▶ _Problem_
From the line with "Camille, Amélie et" to the line with "儲存 IPA 檔案後,打開", output every line below exactly, both ends included. Skip the pictures.

Dataset items
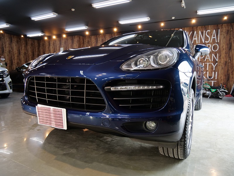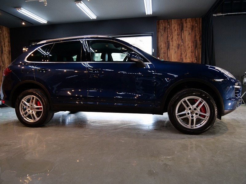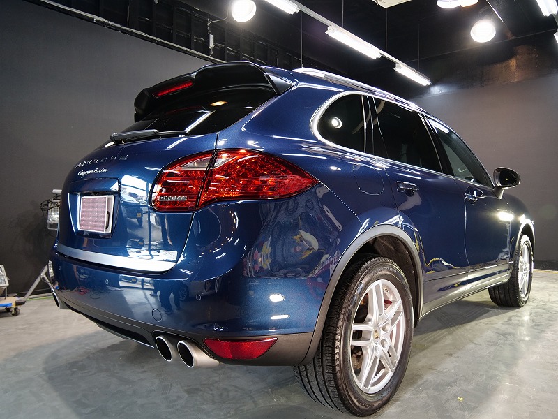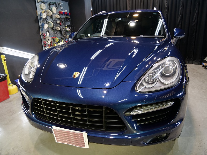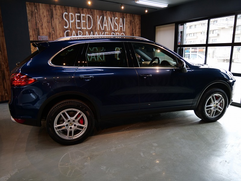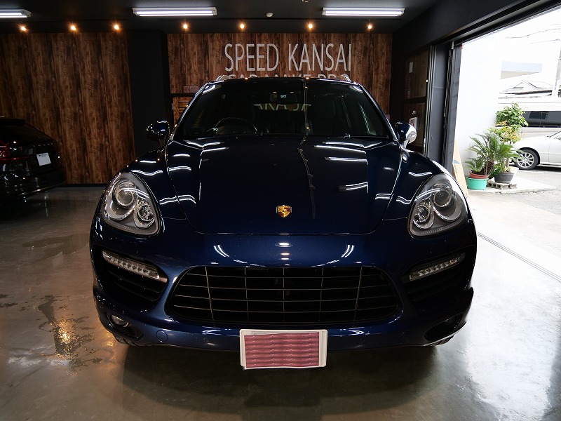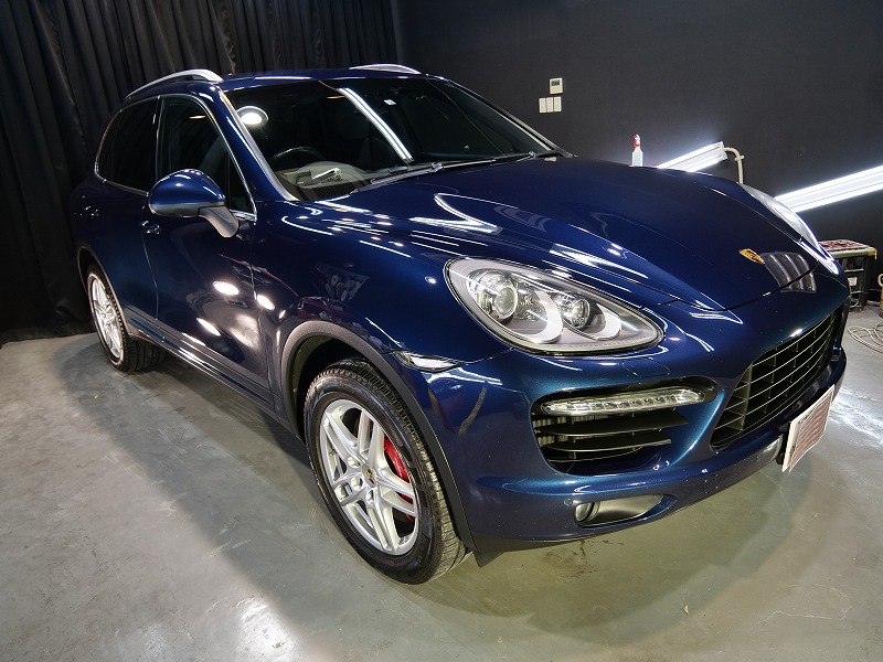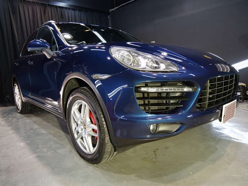 大阪府寝屋川市よりポルシェカイエンのご入庫です!ボディカラーはムーンライトブルーメタリック!施工は
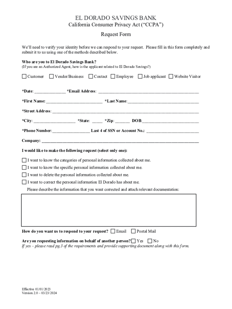 Well need to verify your identity before we can respond to your request. Please fill in this form completely and
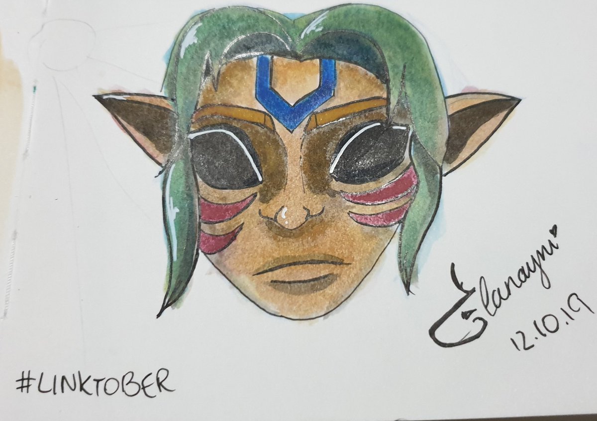 Day 14 • Skull Kid (Omg yesterdays one. I keep forgetting Twitter!!) Cute, little, misunderstood Skull Kid. 💀🙊 #inktober2019 #Linktober #loz #legendofzelda #artistsoflegend
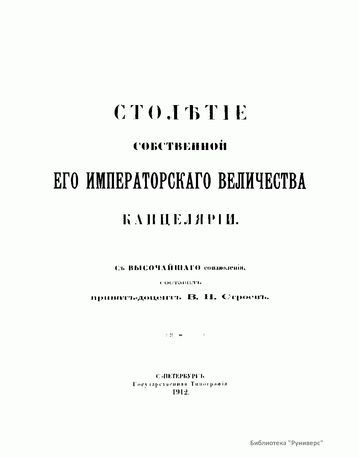 Столѣтiе собственной его императорскаго величества канцелярiи
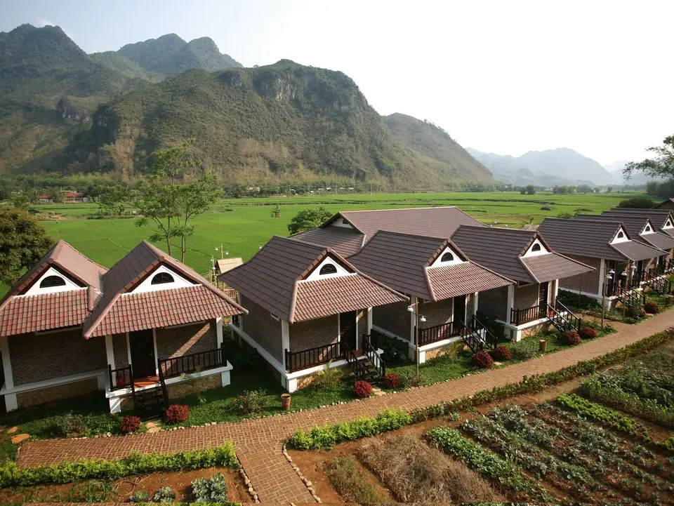 De bungalows zijn zeer rustig gelegen, wat verder weg van het stadje Mai Chau. Voor het diner ben je op het restaurant van het hotel aangewezen. Doordat andere hotelletjes meer aan het begin van de vallei liggen zijn er hier minder toeristen.
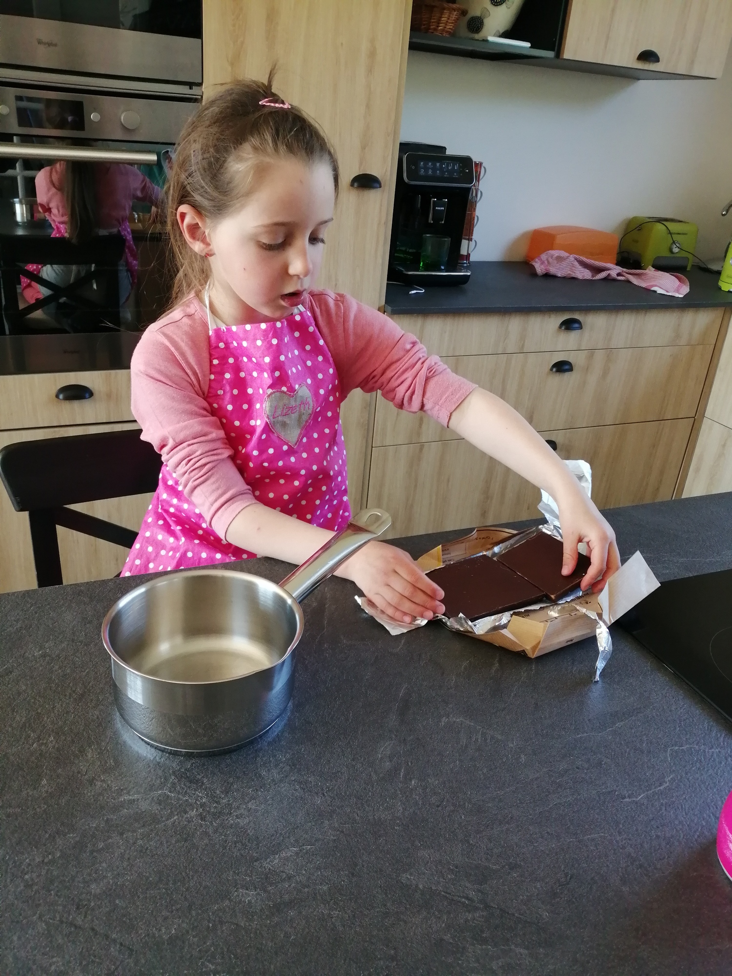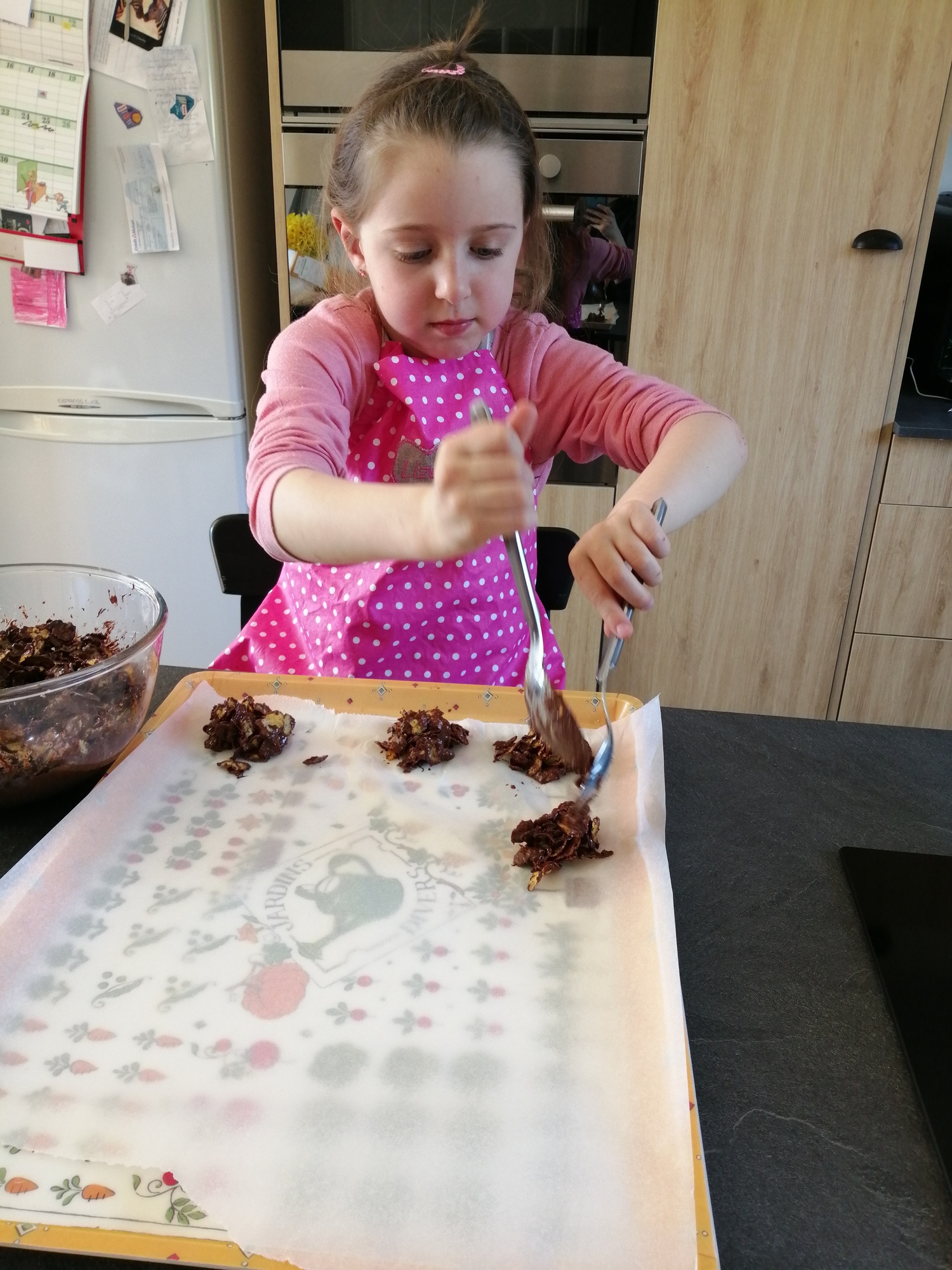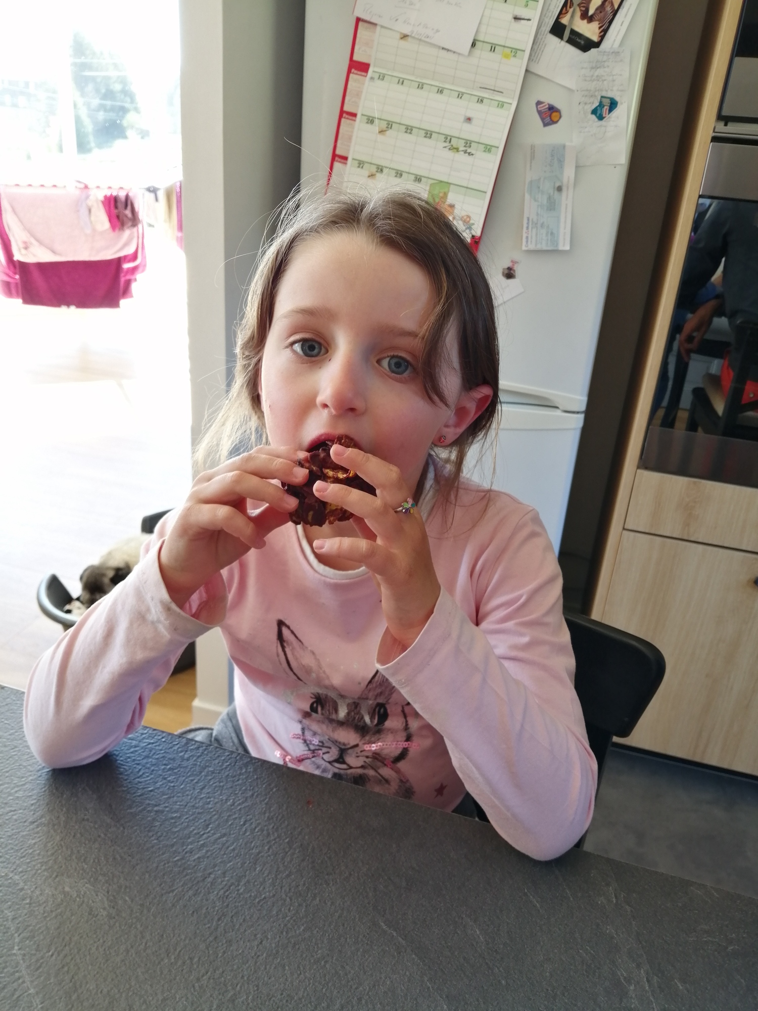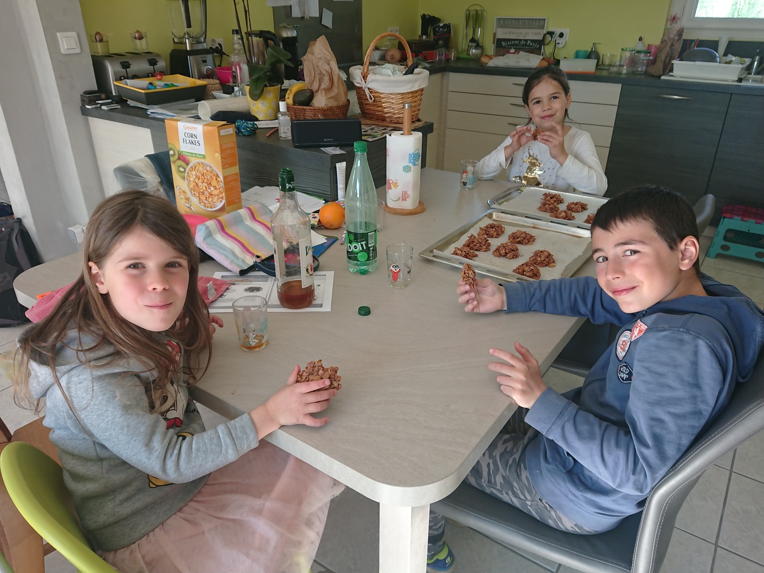 Camille, Amélie et Mathias se régalent avec la recette “Les roses des sables” envoyée par la maîtresse,
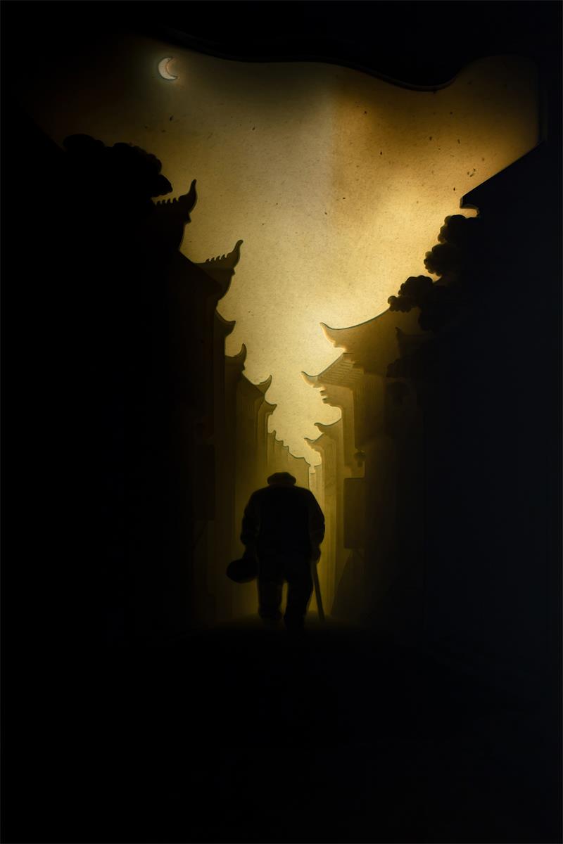 巷口尽头,一个佝偻的老者,一手紧抓个包裹,一手拄着拐杖,蹒跚在夜幕归途。
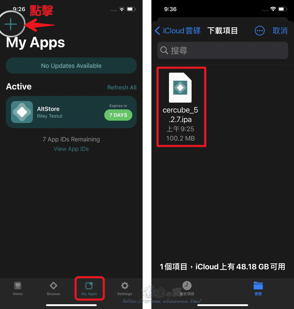 儲存 IPA 檔案後,打開 AltStore 的「My Apps」頁面,點擊左上角「+」開起 .ipa 檔進行安裝。(註:要以傳輸線連接手機和電腦,同時電腦打開 AltServer 軟體。)
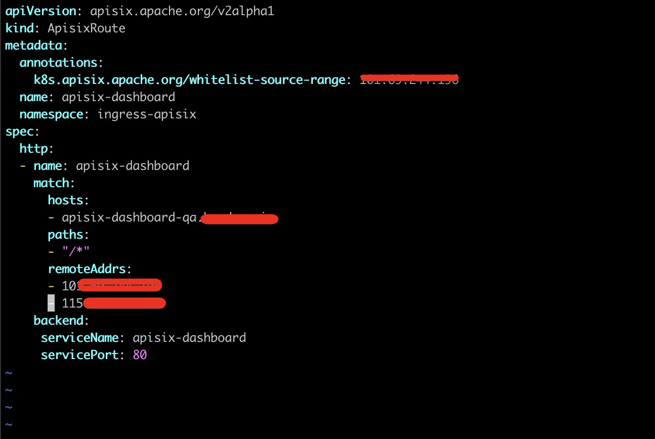 > ### Issue description >  > >  > > i set the whitelist annotation, but i can still access the domain. > > ### Environment > Version: 0.5.0 > Git SHA: > Go Version: go1.13.8 > Building OS/Arch: linux/amd64 > Running OS/Arch: linux/amd64 > > Client Version: version.Info{Major:"1", Minor:"18+", GitVersion:"v1.18.8-aliyun.1", GitCommit:"d2f5a0f", GitTreeState:"", BuildDate:"2020-11-17T03:28:04Z", GoVersion:"go1.13.15", Compiler:"gc", Platform:"linux/amd64"} > Server Version: version.Info{Major:"1", Minor:"18+", GitVersion:"v1.18.8-aliyun.1", GitCommit:"5959bcb", GitTreeState:"", BuildDate:"2021-03-11T11:16:47Z", GoVersion:"go1.13.15", Compiler:"gc", Platform:"linux/amd64"} > @shuoshadow That's a known bug, we will add it to the ingress resource, for the ApisixRoute, you can just configure the `remoteAddrs` field, see http://apisix.apache.org/docs/ingress-controller/references/apisix_route_v2alpha1 (there is a typo that `remoteAddrs` was written as `remote_addrs`). I configure the field, but the return code is 404, is that right?    -- This is an automated message from the Apache Git Service. To respond to the message, please log on to GitHub and use the URL above to go to the specific comment. For queries about this service, please contact Infrastructure at: [email protected]
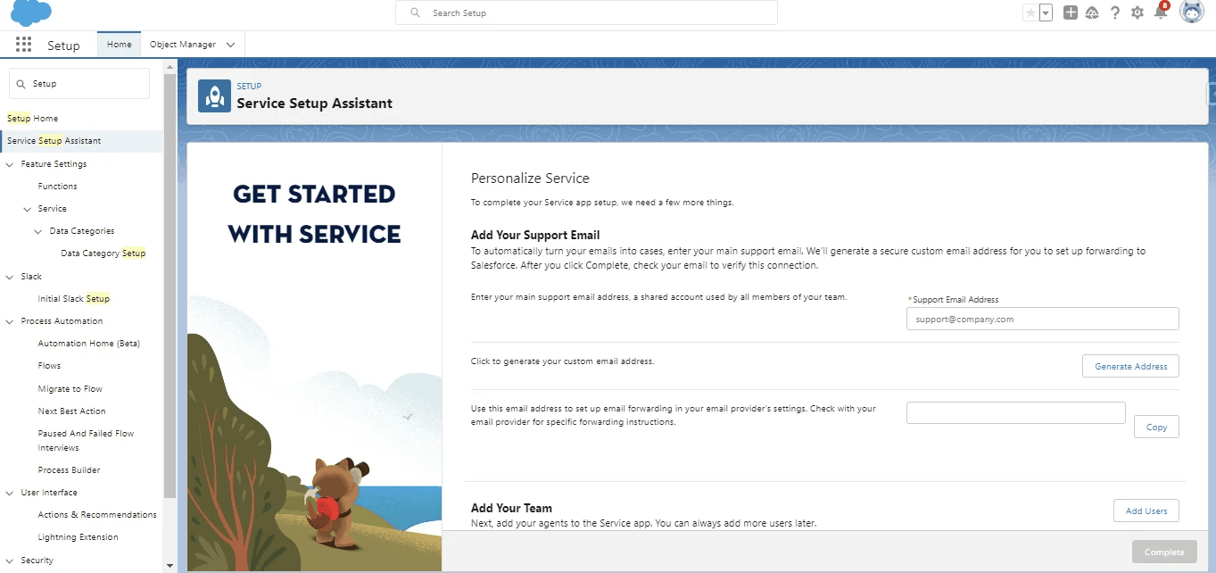 Step 2: Look for the Service Setup Assistant and click through the button.
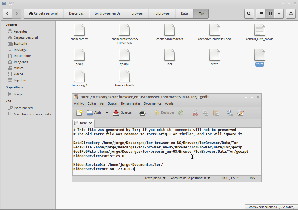 En la anterior imagen puedes ver mi archivo torrc. Cuando elijas el directorio HiddenServiceDir, no lo crees, es mejor que lo haga Tor automáticamente para evitar problemas con los permisos. En mi caso el directorio /home/jorge/Documentos/tor se creó cuando volví a iniciar Tor tras haber guardado el nuevo contenido del archivo torrc.
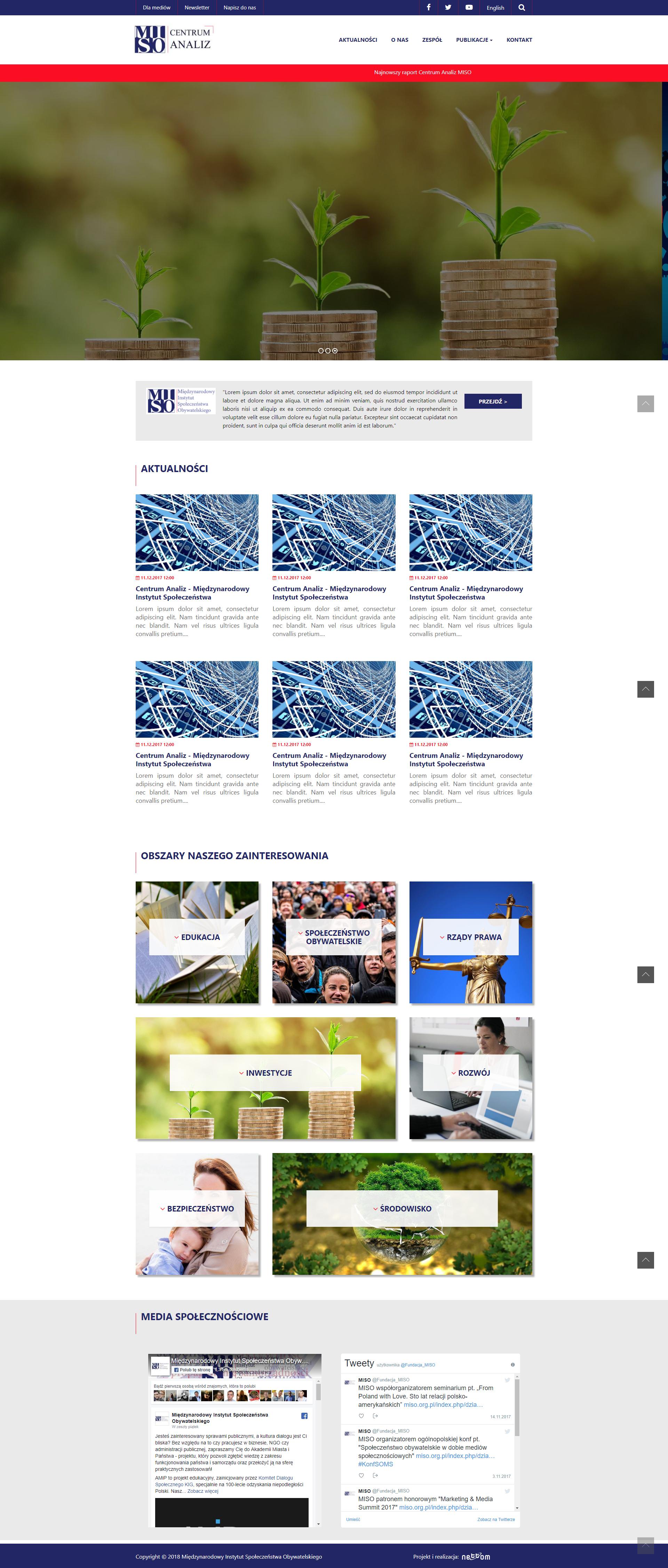 Wykonanie serwisu internetowego dla stowarzyszenia Międzynarodowy Instytut Społeczeństwa Obywatelskiego MISO.
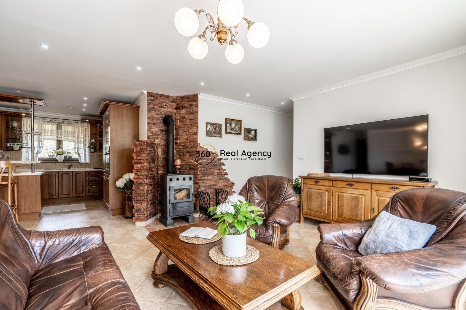 Dominantou domu je velkorysý obývací pokoj propojený s jídelní částí a kuchyňským koutem s praktickou komorou. O útulnou atmosféru se starají krbová kamna, výhled do zahrady a přímý vstup na terasu.

▶ _Answer section_
 Camille, Amélie et Mathias se régalent avec la recette “Les roses des sables” envoyée par la maîtresse,
 巷口尽头,一个佝偻的老者,一手紧抓个包裹,一手拄着拐杖,蹒跚在夜幕归途。
 儲存 IPA 檔案後,打開 AltStore 的「My Apps」頁面,點擊左上角「+」開起 .ipa 檔進行安裝。(註:要以傳輸線連接手機和電腦,同時電腦打開 AltServer 軟體。)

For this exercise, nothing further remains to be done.